Chí Linh is a former city in Hải Dương Province, in the Red River Delta region of Vietnam. In 2010, Chí Linh District was upgraded to a district-level town and in 2019, Chí Linh town became the second provincial city of Hải Dương Province. Chí Linh is a district in which six rivers converge, with features such as hills, mountains, and forests. The capital of the city is Sao Đỏ (Red Star).

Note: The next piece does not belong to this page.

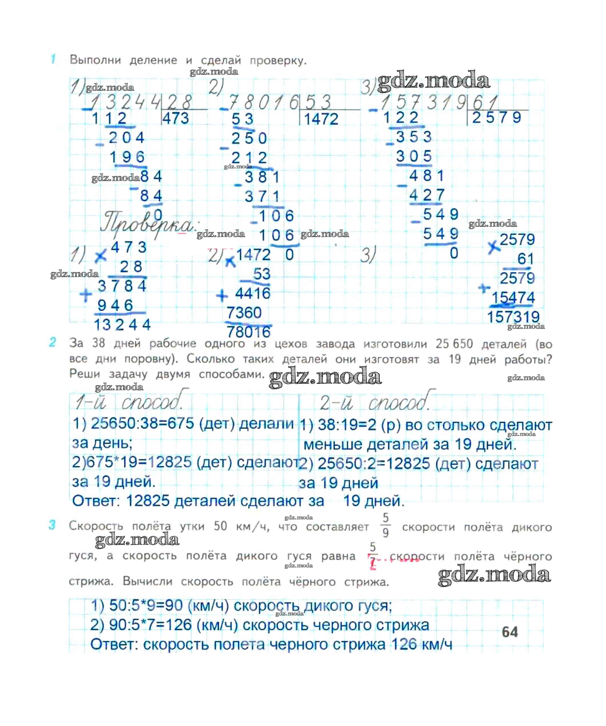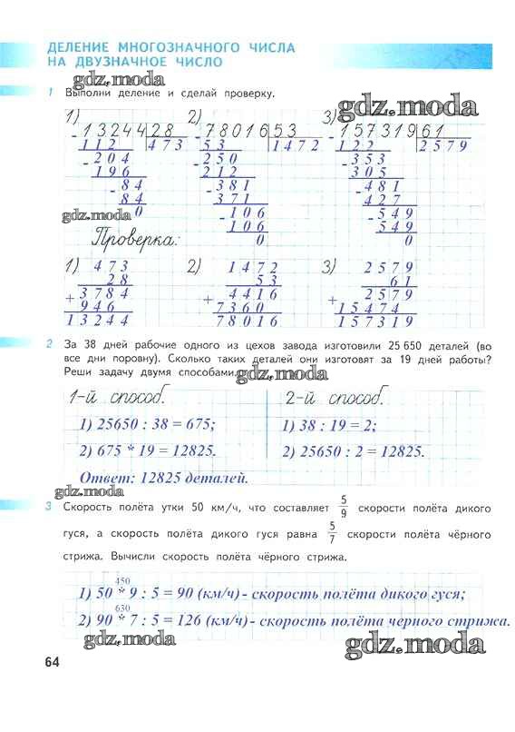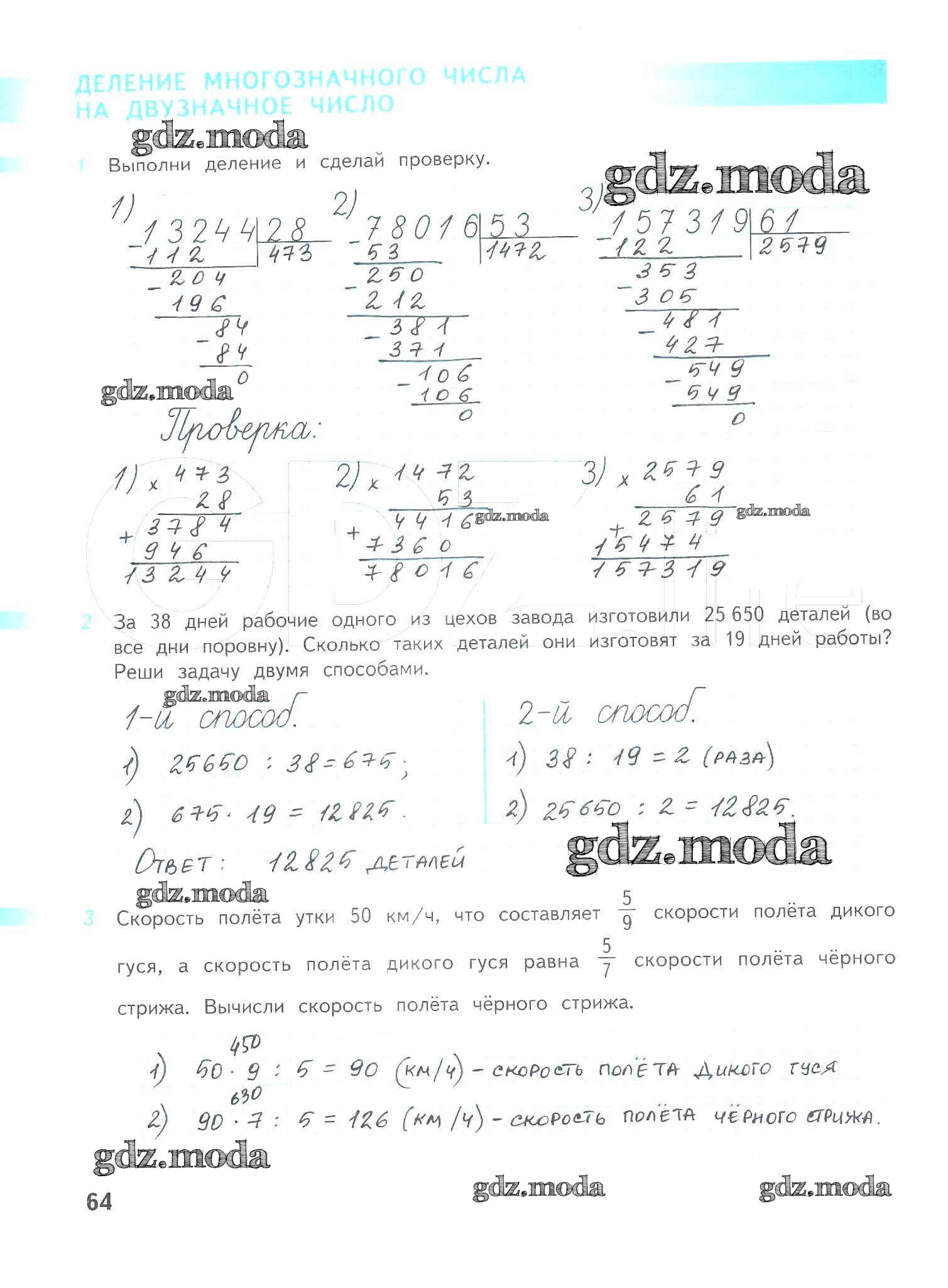 ОТВЕТ на задание № 64 Рабочая тетрадь по Математике 4 класс Дорофеев Перспектива

There are many temples and pagodas in Chí Linh, with many of them concerning Vietnam's National Heroes, including Trần Hưng Đạo, Nguyễn Trãi and Chu Văn An. Côn Sơn and Kiếp Bạc pagodas are famous all over Vietnam.

One of the best golf courses in North Vietnam, Star Golf, was opened in Sao Đỏ in 2003.

Phả Lại, the biggest thermal power plant in North Vietnam is located in this city.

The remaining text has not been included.